Выбрать главу

— Я не нуждаюсь в тебе. Мне никто не нужен, — зарычал я, чувствуя раздражение от того, что она показывает характер. Это полная нелепость с ее стороны — так жертвовать собой.

Люси склонила голову набок и, прищурив глаза, изучала меня. Мне было ненавистно то, как она смотрела на меня. Я ненавидел ее за то, что, когда наши глаза встречались, она словно заглядывала мне в душу и видела ту ее часть, которую я даже сам себе не открывал.

— Кто обидел тебя? — прошептала она.

— Что?

Она шагнула ко мне, взяла меня за руку, заставила разжать кулак и положила на ладонь записку с номером телефона.

— Кто ранил тебя так сильно, что сердце твое превратилось в кусок льда?

Пока Люси шла к выходу, я провожал ее взглядом, но она ни разу не оглянулась.

* * *

Прошло еще три недели, и врачи сообщили мне, что мы с Тэлон можем ехать домой.

Почти два часа я потратил на то, чтобы правильно установить автомобильное кресло.

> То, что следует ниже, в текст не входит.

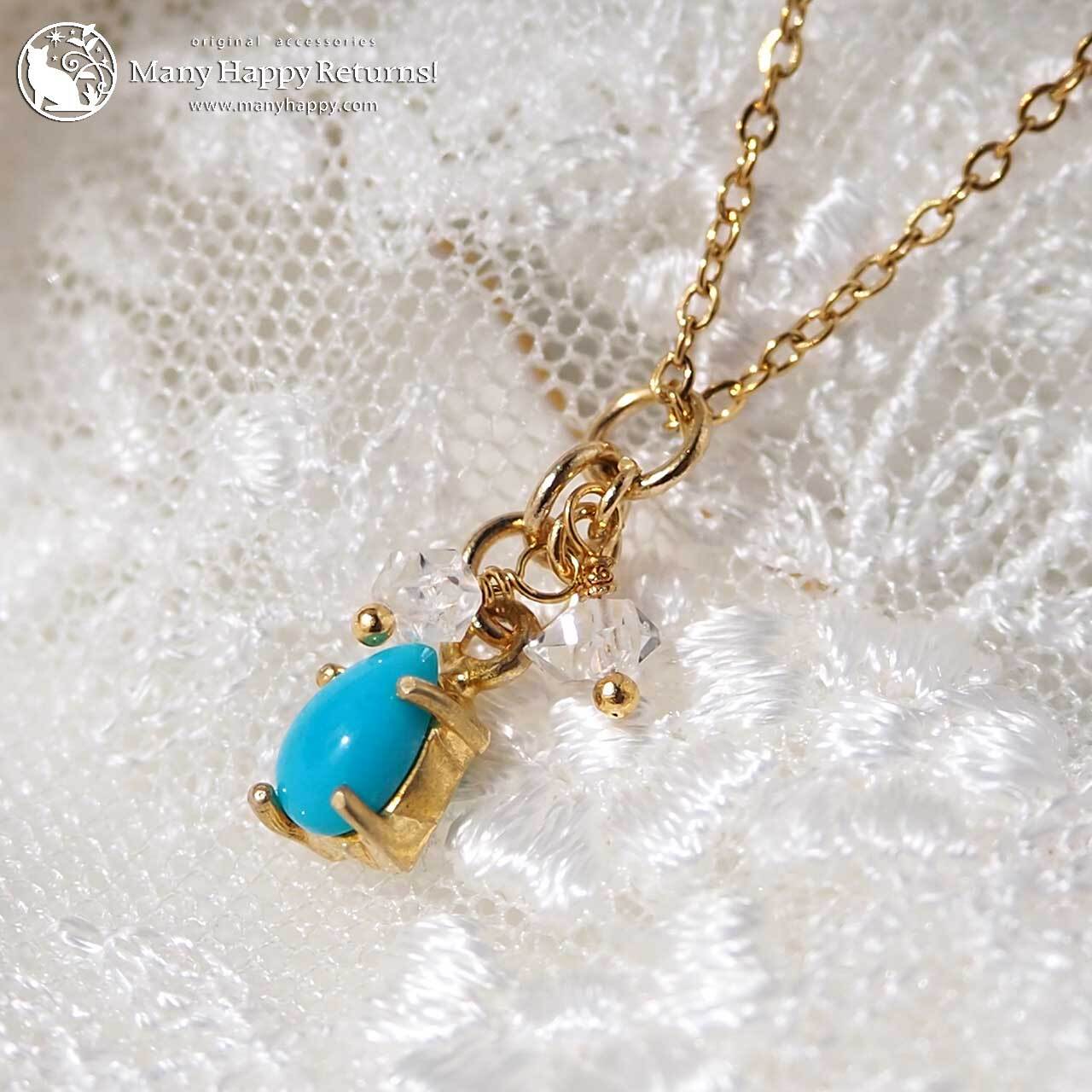 b-3781 宝石質アリゾナキングマンターコイズオーバルカボション&ハーキマーダイヤモンド☆18KGPプチネックレス

А потом попросил еще пять медсестер проверить, надежно ли оно закреплено.

Так медленно я не ездил еще ни разу в жизни. И всякий раз, оборачиваясь проверить Тэлон, находил ее мирно спящей.

Я облажаюсь.

Так и будет. Я ничего не смыслил в отцовстве. Я понятия не имел, как ухаживать за ребенком. Джейн справилась бы отлично. Конечно, ей никогда не хотелось детей, но она была перфекционисткой. Она научилась бы быть самой идеальной матерью в мире. В плане заботы о Тэлон она была бы идеальным вариантом.

То, что эта кроха моя, ощущалось жестокой ошибкой.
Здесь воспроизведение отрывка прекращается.